In any case, the Python search algorithm deals with the small strings case. 无论如何，Python搜索算法都会处理小字符串情况。 If you try to apply it to a large body of text, the algorithms will not be able to perform as well as one that makes different choices that work well for large texts. 如果您尝试将其应用于大量文本，则算法的性能将不尽如人意，因为做出不同选择的算法对大型文本非常有效。 And if you had to search for text through 10,000,000 documents you'd want to use some kind of indexing solution instead puny little python string search. 而且，如果您必须通过10,000,000个文档来搜索文本，则需要使用某种索引解决方案，而不是一些小的python字符串搜索。

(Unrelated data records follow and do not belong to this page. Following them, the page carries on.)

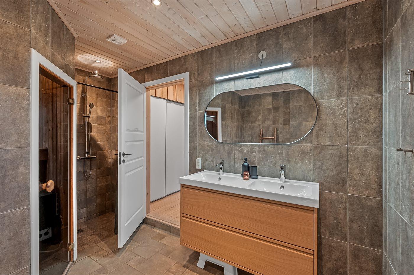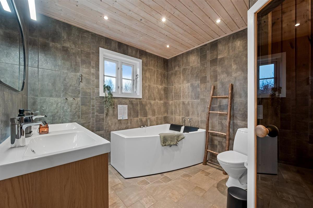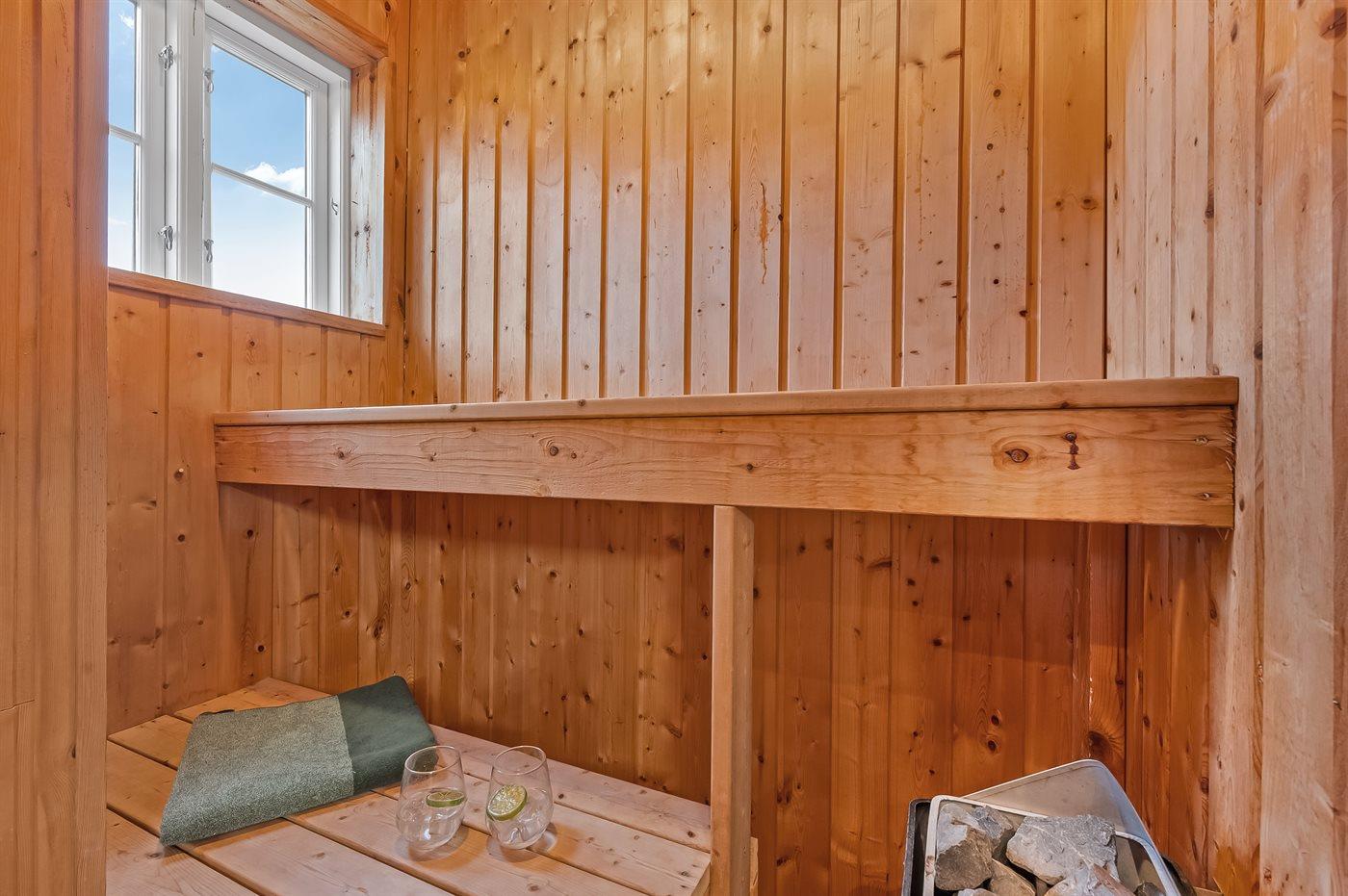 Er is 2 badkamers met douchehok en 2 toiletten. Er is vloerverwarming in 2 van de badkamers. De sauna biedt de gelegenheid tot ontspanning.
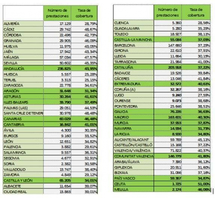Así se han repartido las ayudas por provincias:
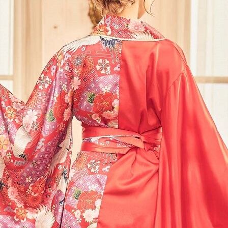 【アシメトリー 花柄 ゴールドパイピング 花鳥柄 花魁ドレス】
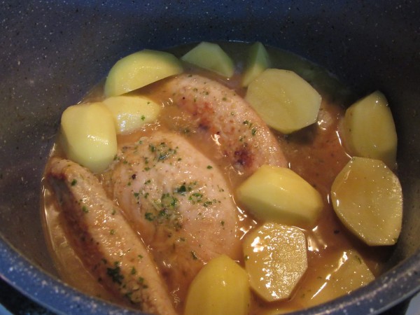 3- Agregar el caldo, laurel y perejil picado. Aquí podéis poner unas patatinas pequeñas.
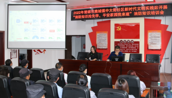 近日,楚雄市鹿城镇中大街社区新时代文明实践站开展“消防知识抢先学,平安家园我来建”消防知识培训,会议邀请了市消防大队专业人员到会指导。
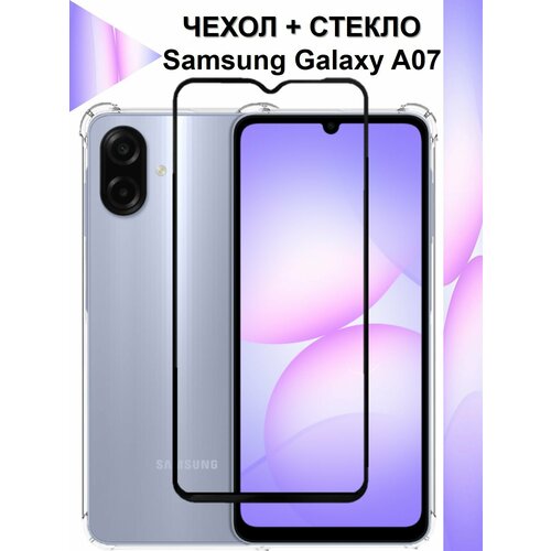 Комплект 2 в 1: Прозрачный чехол с защитой камеры и углов + полноэкранное стекло для Samsung Galaxy A07 / Самсунг Галакси А07
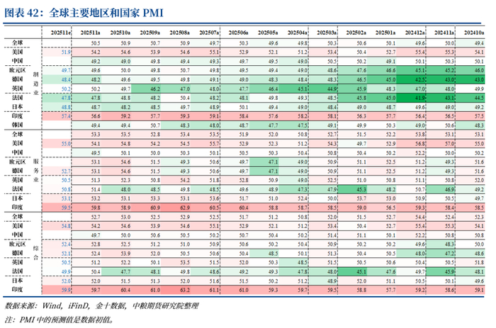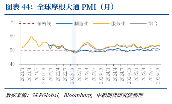 2025年11月,全球经济延续了“制造冷、服务暖”的显著分化格局;全球摩根大通制造业PMI录得50.5%(前值50.9%,复苏基础尚不稳固,服务业PMI录得53.3。

Compare that to sorting a list of 100 items with the default sort implementation, vs. sorting 10,000,000,000 integers. 相比之下，使用默认排序实现对100个项目的列表进行排序，而不是对10,000,000,000整数进行排序。 In the latter case there are sorting implementations that can easily beat the default Python offer. 在后一种情况下，有一些排序实现可以轻松击败默认的Python提供。

It should also be noted that Python has a history of algorithm innovation; 还应该指出的是，Python具有算法创新的历史。 the standard sort algorithm in Python is TimSort , a new algorithm invented by Tim Peters to fit the pragmatic real-life circumstances the Python interpreter has to deal with. Python中的标准排序算法是TimSort ，这是蒂姆·彼得斯（Tim Peters）发明的一种新算法，用于适应Python解释程序必须处理的实际情况。 That algorithm has since been made the default in Java and the Android platform as well. 此后，该算法已成为Java和Android平台中的默认算法。 Thus, I tend to trust the Python core devs decisions. 因此，我倾向于相信Python核心开发人员的决定。

As far as I know, noone has embedded a different implementation, as replacing the default is not going to work without patching the Python C code. 据我所知，没有人嵌入过其他实现，因为如果不修补Python C代码，替换默认值是行不通的。 You can easily create a specialized string type that implements a different search algorithm, of course. 当然，您可以轻松地创建实现不同搜索算法的专用字符串类型。 There may well be libraries out there that use C for specialized search algorithms that use Boyer-Moore, Rabin-Karp or any other algorithm, as that might well be the better choice for their specific problem domain. 可能存在一些库，其中使用C来搜索使用Boyer-Moore，Rabin-Karp或任何其他算法的专门搜索算法，因为对于它们的特定问题领域，这可能是更好的选择。